Gaza cancer patients’ lives endangered as chemotherapy stocks dwindle

Medicine shortages and growing barriers to movement out of Gaza are increasingly putting the lives of cancer patients at risk. This week Al Rantisi Hospital in Gaza City, which provides oncology services, reported that 75% (45 out of 60) of their chemotherapy drug items had reached ‘zero stock’ levels, meaning that less than one month’s supply remained on shelves.

Al Rantisi Hospital Director Dr Mohammed Abu-Silmiya highlighted Neupogen, a medicine needed to bolster immunity against infection by boosting white blood cell production, had run out of stock. The risks are particularly acute for children, whose health can quickly deteriorate due to weaker immune systems.

The hospital needs to provide some 1,000 Neupogen injections every month. However, he told Al Mezan Centre for Human Rights that in the past two months there were only about 100 injections available, adding: “Many procedures cannot be delivered with different medicines missing. Colon and lung cancer as well as lymphoma patients cannot be provided with the necessary therapy now.”

According the World Health Organization (WHO), on 12 August shortages of cancer drugs across Gaza reached 85%. Last month, at the Central Drugs Store in Gaza, of 516 essential medicines for treating all kinds of illnesses, 40% were completely out-of-stock. Additionally, there was less than one month’s supply of 29% of essential medical disposables.

For cancer patients, irregular supply of medications can mean chemotherapy courses are interrupted, which can severely reduce the treatment effectiveness and increases the risk of drug resistance in patients. Paying for medications privately is not an option for most families in Gaza, where more than 49% are unemployed after 11 years of illegal closure.

Health officials in Gaza have alleged that the supply of medicines vital for administering chemotherapy from the Palestinian Authority in the West Bank has been irregular for the past 18 months. The WHO reports that on 14 August, the Ministry of Health (MoH) in the West Bank released 29 cancer drugs from the Central Drugs Store in Nablus.  
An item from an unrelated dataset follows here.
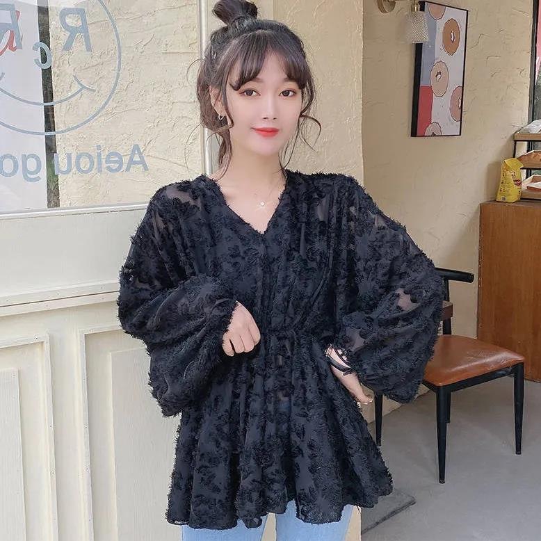 秋冬打底内搭2025装新款大码雪纺衬衫女v领宽松遮肚子显瘦1007k
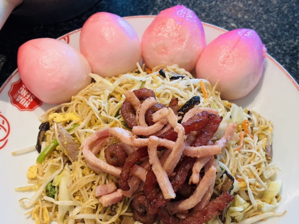 ตามด้วยจานหลัก หมี่ผัดอายุมั่นขวัญยืน เส้นเหนียวนุ่ม รสชาติกลมกล่อม เสิร์ฟคู่กับ ซิ่วท้อ 4 ลูก เพิ่มความหมายดีๆ เรื่องอายุยืนและความโชคดี

Some cancer treatments, including all radiotherapy and increasingly chemotherapy, are completely unavailable in Gaza. This means many patients require costly referrals to hospitals in East Jerusalem, the rest of the West Bank, or abroad. Israeli authorities’ restrictions on the granting of exit permits for patients continue, however. In June, 10% of all requests for patient permits were denied and 27% not responded to by the date of the appointment, meaning that patients were not able to get to the care they needed. Cancer patients comprised nearly a third (31%) of all applications.

At the same time, more than half of all exit permits for patients’ companions – usually family members seeking to travel to accompany someone to treatment – were denied or delayed. This week the Israeli newspaper Haaretz reported on the case of a three-year-old child, Louay Al Khoudari, forced to undergo cancer treatment in the West Bank without either parent after his mother was denied a permit to travel with him. This case follows concerns recently raised by a group of Palestinian and Israeli human rights groups of “collective punishment” of cancer patients themselves denied access to treatment due to accusations over family members’ political affiliations.

Israel has an international legal obligation, as the occupying power, to ensure humanitarian assistance to the population under its control, including access to medical care and the provision of adequate medical supplies. Notwithstanding the constraints of the occupation, all Palestinian duty-bearers, including the Palestinian Authority, are also obliged to respect, protect and fulfil the rights of Palestinians and ensure access to medical care without discrimination.